Aspose.HTML for .NET 24.2.0 – Save HTML to a Stream
Aspose.HTML for .NET 24.2.0
In version 24.2.0, the IOutputStorage interface has been deprecated but will continue to work until version 24.5.0 is released. If you use earlier versions of Aspose.HTML for .NET, we recommend that you upgrade and migrate to the new version, as version 24.5.0 will remove this deprecated interface.
Deprecated | New |
---|---|
IOutputStorage Interface | ResourceHandler Class |
The HTML document can contain different resources like CSS, external images, and files. In the article, we will consider the cases for saving HTML documents with resources to Zip archive and memory stream. Aspose.HTML for .NET continues to develop and enhance the ways to save HTMLs with all linked files. Here we will look at examples of saving files using deprecated classes and offer advanced solutions for implementing new classes.
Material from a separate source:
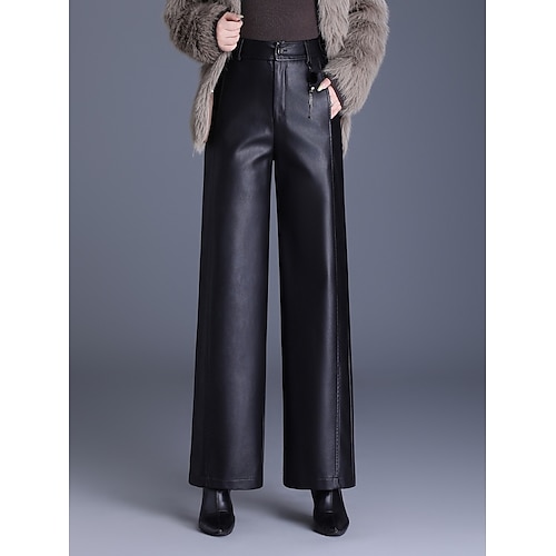 Per donna Gamba larga Chinos Moda Streetwear Essenziale Lunghezza intera Vita Alta Semplice Tasca Comodo Morbido Confortevole Micro-elastico All'aperto Vacanza Lavoro Nero Caffè Primavera Autunno

ResourceHandler Class Vs IOutputStorage Interface
The
ResourceHandler class allows developers to implement the
HandleResource() method, in which you can create a stream yourself and release it wherever you need it. The new method adds the ability to see a Resource
and process more information about it. So, by adopting the ResourceHandler
class, developers can benefit from a more streamlined and expressive approach to managing resources, resulting in cleaner, more maintainable, and flexible code when saving HTML documents.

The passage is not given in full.